Every week, I will be profiling an extraordinary human being who lives in our community. If you know someone who is doing something interesting with their life, I want to hear about it. Send me an email at firstname.lastname@example.org.
More than once, Tom Brown has saved someone from taking their own life.
He’s Huntsville/Lake of Bays Fire Department’s 62-year-old chaplain, a volunteer position he’s maintained for almost 15 years. He’s seen a lot of crazy stuff and helped a lot of people along the way. He also spent over 37 years in the public works department for the Township of Lake of Bays until he retired in 2013.
At first, Tom seemed a bit reluctant to talk about himself. (In my head I’m thinking, there’s this reoccurring theme with these selfless locals who don’t want to toot their own horn.) It’s the firefighters who are the extraordinary ones, he says. Their job is ever-changing. His stays the same.
“That’s hard to answer,” he responds. I just asked him what he loves about what he does. “I guess helping people… knowing you can make a difference, or at least knowing you can have the opportunity to make a difference. There’s nothing to compare if you stop someone from committing suicide.”
As the fire department’s chaplain, Tom volunteers approximately 200 hours per year. He’s the listening ear to firefighters and their families who want to talk. He deals with critical incident stress management, mental health first aid, spiritual crisis and suicide intervention, family crisis management and marriage counselling. Tom wants to help people with the healing process. As a compassion fatigue therapist and trainer, Tom conducts personality testing as well.
When he started to receive training to become a chaplain, he took a course in New York City. The hands-on training couldn’t have been more useful, not to mention intense. He was at Ground Zero, the site of the 9/11 attacks in December 2001. He was there for two weeks. It was like two years of training condensed into a two-week time period. The flow of learning was constant and there was always someone who needed to talk.
“It made me more aware [as a person] and it was great training for real life for sure. My job was at a feeding station, which was right across the road from Ground Zero. It was a little place called the Hard Hat Café. I helped feed people for eight hours a day. I’d talk to firefighters and other chaplains. The morgue was right behind there. Everyone would come for coffee and I’d talk to firefighters in the hole who were down digging in there. You never stopped. You’d always wear your badge. You were never off duty.”
His visit to the grounds of 9/11 left a lasting mark. It took Tom over two years to recover.
The smell of death is something you never forget. You can always smell it. You have to get those images out of your mind and you can’t talk about it for a while.
“You need to ‘get better,’ I call it, psychologically. I did presentations about it [his 9/11 experience]. I was fine with that. But I couldn’t go through details.”
(Clockwise from upper left) Ground Zero looked like this when Tom visited New York as part of his training to become a chaplain (photo supplied by Tom Brown); Tom wears his special pins he received after training to become a chaplain during 9/11; He’s got an important job and wears a beautiful gold pin with pride; Tom with a gentleman from New York who assisted in getting people acquainted with the big city during their stay (photo supplied by Tom Brown)
Tom recalls a memory of his fateful visit to the 9/11 grounds. A “great big guy” approached him. He looked upset and then he started crying on Tom’s shoulder. You never forget that kind of stuff, says Tom. It gets deeply embedded in your memory bank.

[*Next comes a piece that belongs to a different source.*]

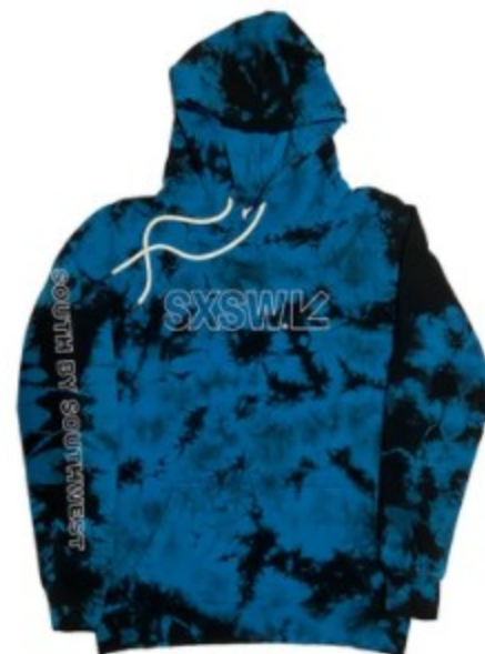
TIE DYE LOGO HOODIE
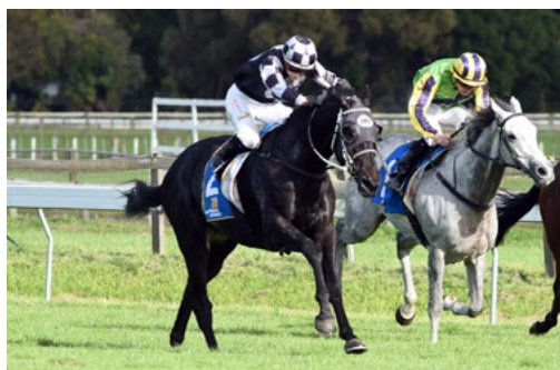
Five To Midnight (NZ) (Domesday)

"After two trials, he will resume over 1600 metres and then head to the Gr.1 Livamol Classic at Hastings on October 7 where a good strong performance could see him head to Melbourne to contest the Caulfield Cup."

I ask Tom if he’s comfortable continuing with our interview because, really, the last thing I want to do is make him rehash on things he’s been trying not to think about.
“It’s starting to bring back memories… but I’ll be okay.”
It was five years of part-time studies before he officially became a chaplain. It was very intense, he says, and he often wondered if he would, in fact, make it. But it’s what he wanted to do when he retired. He’s always had a connection with God, and it fit in with his life. He’s always had a desire to help people.
I let Tom know that I’m an emotional person. If I hit a squirrel on the road in my car, I’m a mess. I admit I’m a bit unstable like that. Surely it takes an emotionally stable individual to take on the job as a chaplain is what I’m getting at.
“I would say you need to be able to shut your emotions off to a degree. You have to know people. You need to help people out to get them on track. And the older I get, it takes me more time to recover. One of the ways of describing it, if somebody is suicidal, and in a dark place and you’re edging out to rescue them, it’s important to have a rope to pull yourself out.”
He speaks highly of the “extraordinary brothers and sisters” he works with and he feels honoured that he’s part of the team. It’s a real feeling of family.
Hanging on the wall inside Huntsville’s fire station is Psalm 91:1, which makes the significant 9/11 reference. It reads, “He who dwells in the shelter of the most high will rest in the shadow of the almighty.” It’s something for the firefighters to reflect on. It offers a bit of protection.
Tom has no plans of slowing down anytime soon. He’s got an important job that he truly loves.
“God’s given me a gift and I just can’t ignore it.”